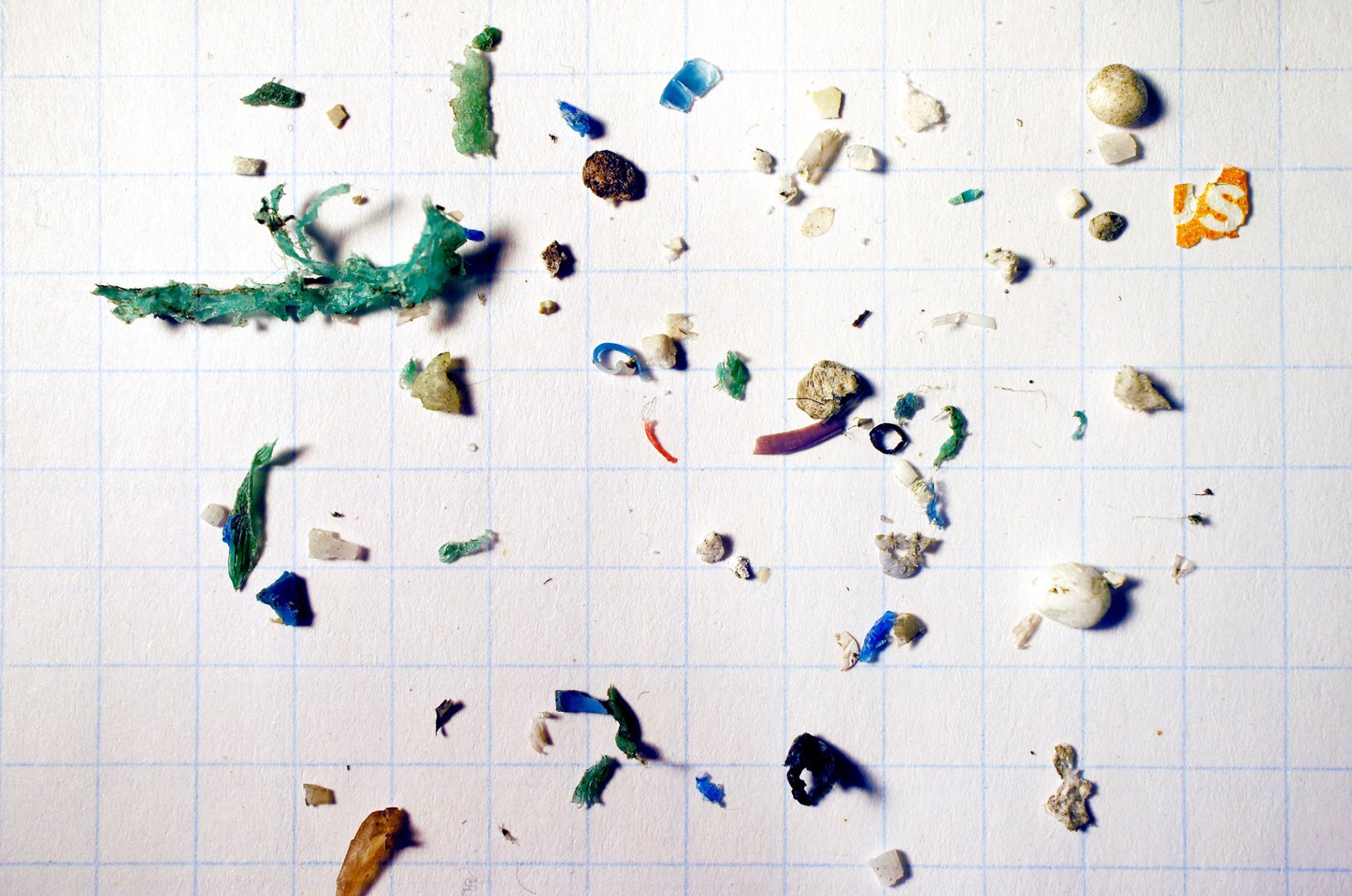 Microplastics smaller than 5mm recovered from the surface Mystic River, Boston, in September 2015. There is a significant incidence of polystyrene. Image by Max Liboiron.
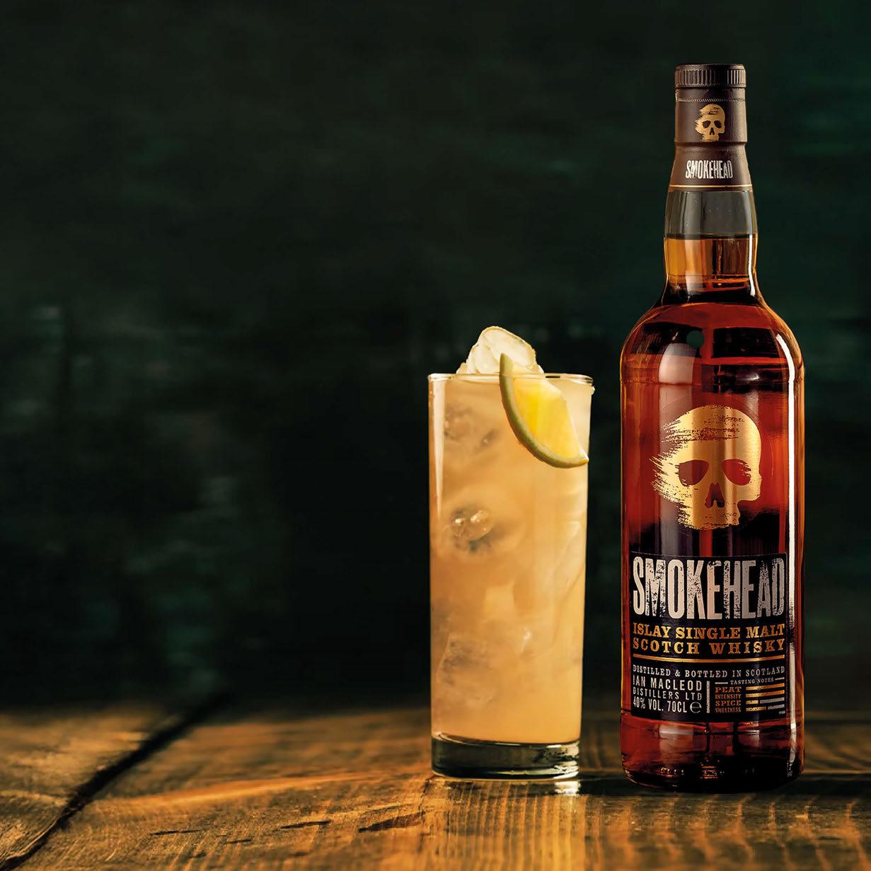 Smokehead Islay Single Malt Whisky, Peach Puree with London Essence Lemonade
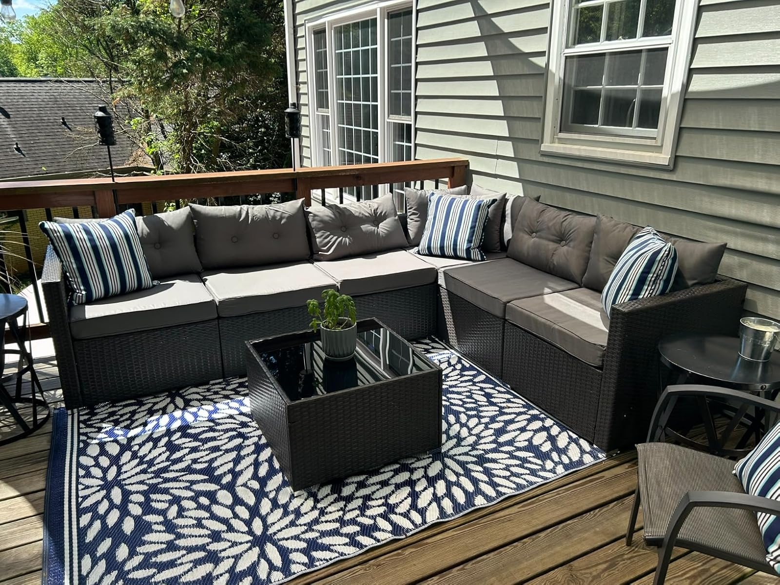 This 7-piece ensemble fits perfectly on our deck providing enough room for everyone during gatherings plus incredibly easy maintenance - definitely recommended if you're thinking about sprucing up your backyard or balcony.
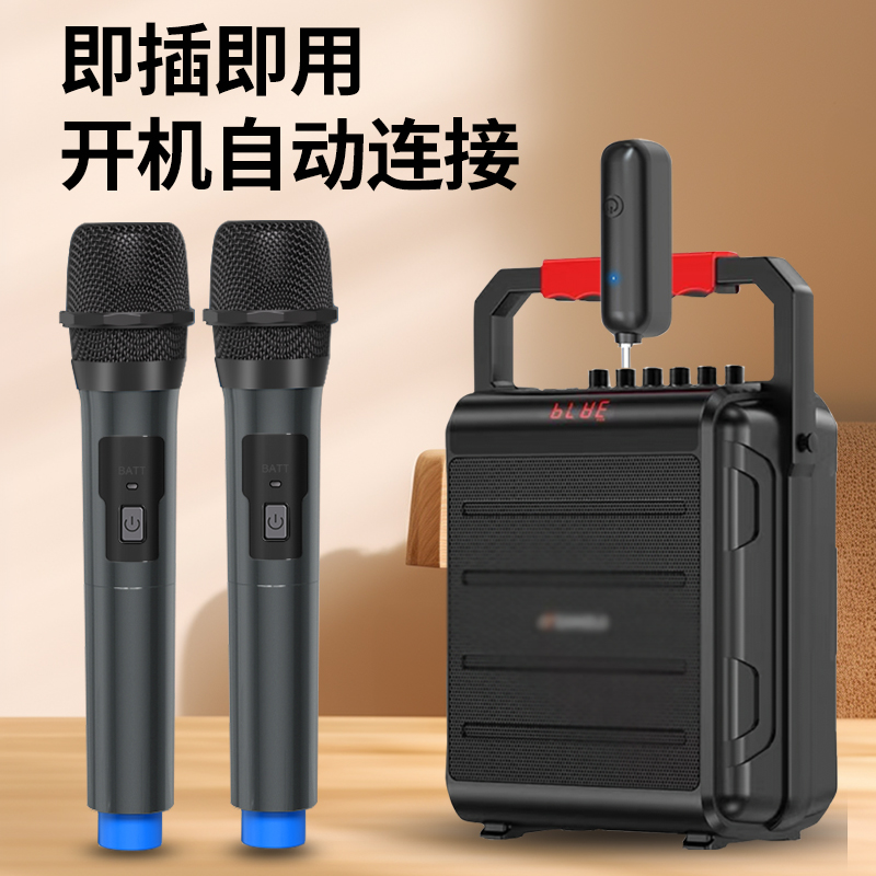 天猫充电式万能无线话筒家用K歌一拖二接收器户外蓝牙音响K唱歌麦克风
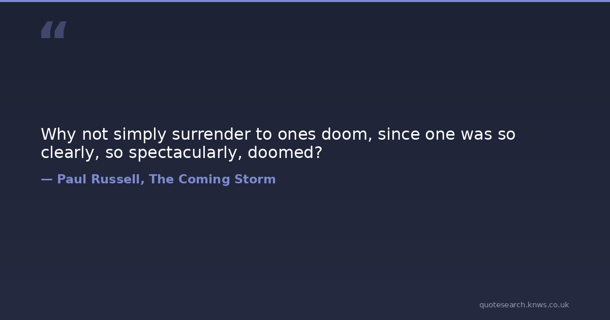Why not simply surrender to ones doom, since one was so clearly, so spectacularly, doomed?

^^^^^^^^

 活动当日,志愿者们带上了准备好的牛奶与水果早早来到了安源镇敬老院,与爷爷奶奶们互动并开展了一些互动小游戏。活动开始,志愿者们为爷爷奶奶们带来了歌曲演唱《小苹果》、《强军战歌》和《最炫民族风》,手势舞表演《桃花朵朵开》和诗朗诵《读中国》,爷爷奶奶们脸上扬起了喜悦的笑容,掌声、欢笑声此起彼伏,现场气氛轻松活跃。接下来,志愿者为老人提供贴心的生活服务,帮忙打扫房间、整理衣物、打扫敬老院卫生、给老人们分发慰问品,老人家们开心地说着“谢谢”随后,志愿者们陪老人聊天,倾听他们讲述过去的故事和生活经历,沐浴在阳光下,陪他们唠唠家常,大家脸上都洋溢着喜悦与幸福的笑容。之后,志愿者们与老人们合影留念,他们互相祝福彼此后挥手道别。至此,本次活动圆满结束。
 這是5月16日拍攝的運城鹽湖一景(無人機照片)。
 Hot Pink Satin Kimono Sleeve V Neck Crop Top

^^^^^^^^

• **What you should do**:
Taking the entries above, extract every line from the one bearing "天猫充电式万能无线话筒家用K歌一拖二接收器户外蓝牙音响K唱歌麦克风" through the one bearing "Why not simply", exactly, with no pictures.

• **Result of the task**:
 天猫充电式万能无线话筒家用K歌一拖二接收器户外蓝牙音响K唱歌麦克风
Why not simply surrender to ones doom, since one was so clearly, so spectacularly, doomed?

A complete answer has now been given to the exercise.